Jacobs is an English professor whose students often ask him for a list of books they should read. He discusses various reasons why he is unwilling to give lists, the first of which just happens to be my reason as well. There is no way to prescribe books for someone else. I refuse to say to anyone else, “I just know you’ll love this book!”
“But there’s a positive counterpart to this negative reason: my commitment to one dominant, overarching, nearly definitive principle for reading: Read at Whim.”
This is his theme. Throughout the book, he quotes many authorities on reading, and also discusses some of the science of what happens to the human brain when reading, or when failing to practice deep attention. He quotes extensively from books and articles others have written about their own style and purpose for reading. But this is his recommendation. Read at Whim.
One of his more interesting points, to me, is how reading on a Kindle helped him restore his ability to concentrate. This book was published in 2011, so he’s obviously talking about an old-style Kindle because he says that what helped him was the fact that there was nothing but the words on the screen and the “Next Page” button.

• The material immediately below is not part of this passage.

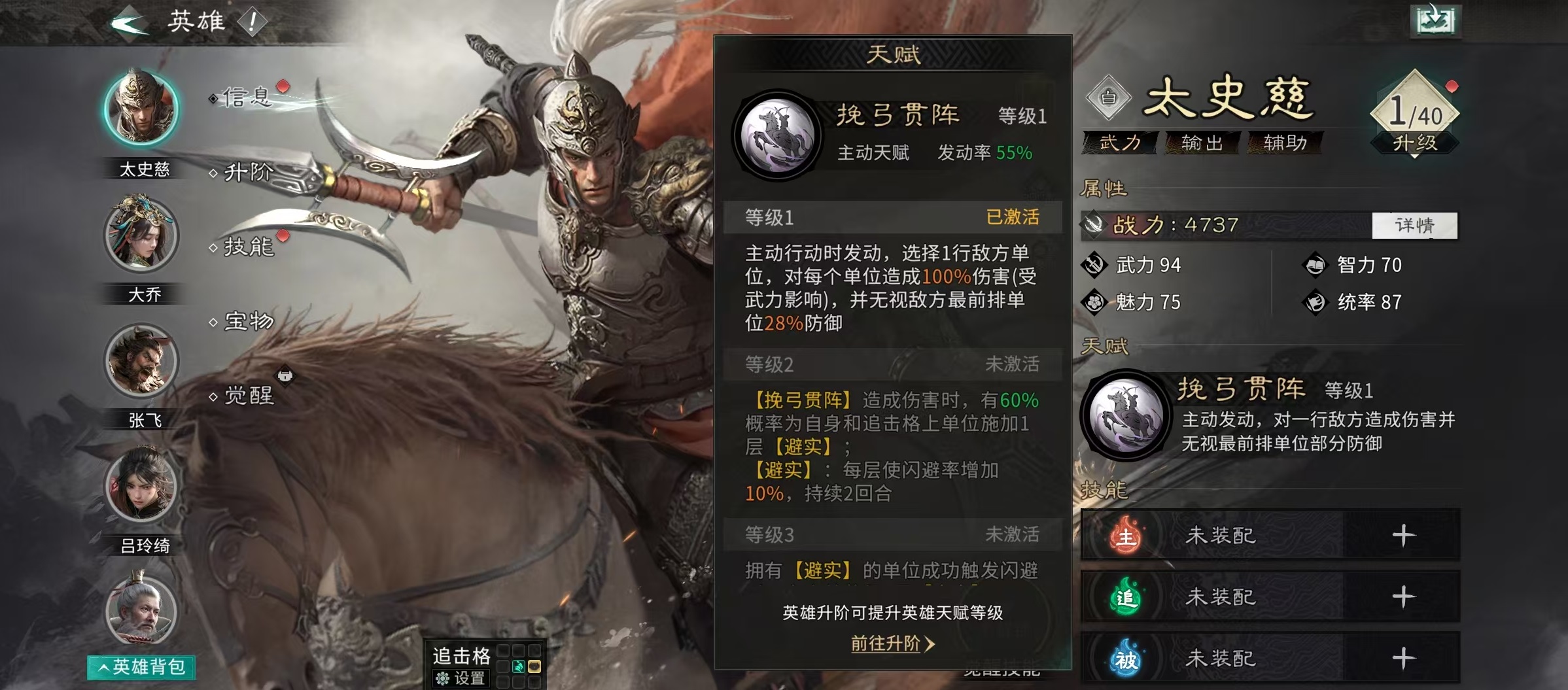 太史慈定位为高机动型物理输出兼功能性辅助。其核心天赋【挽弓贯阵】具备双重战略价值:主动行动时可选定敌方一整行单位发动攻击,造成无视前排单位部分防御的真实倾向伤害;同时,每次命中均有概率为自身及追击格内友军施加【避实】效果——每层提升10%闪避率。更关键的是,当携带【避实】的单位成功闪避敌方攻击时,太史慈将获得【击虚】层数,该效果不仅可抵消目标闪避判定,还能直接提升自身伤害输出。由此形成“增益队友→触发反馈→强化自身”的正向循环链,显著提升队伍生存与持续压制能力。

He talks about silence as a “diminishing natural resource,” the pros and cons of rereading, and the fact that the only way to develop the habit of deep attention is . . . wait for it . . . to practice. Another of his comments I identify with is that he says, “I was twenty years old before I failed to finish a book I had started . . . That day I grieved, feeling that I had been forced from some noble pedestal; but I woke up the next morning with my soul singing.” I too remember when I finally allowed myself that freedom.
Rather than a bibliography, at the end of the book there is “An Essay on Sources,” in which he list his sources in paragraph form. I enjoyed this almost as much as I enjoyed the book, and came away from it with more books added to my “To Read” list. And we all need that, don’t we?
I am not going to tell you that you’ll love this book. I will say that I enjoyed it. Jacobs is scholarly and personable at the same time. He writes as someone who loves to read and wants to share that love with others, not as someone who feels he needs to tell others what to do. So, if you’re looking for a “how-to” book, this isn’t it. If you’re looking for a list of “must-reads,” this isn’t it. If you like reading books about people who like reading books, you might enjoy this one.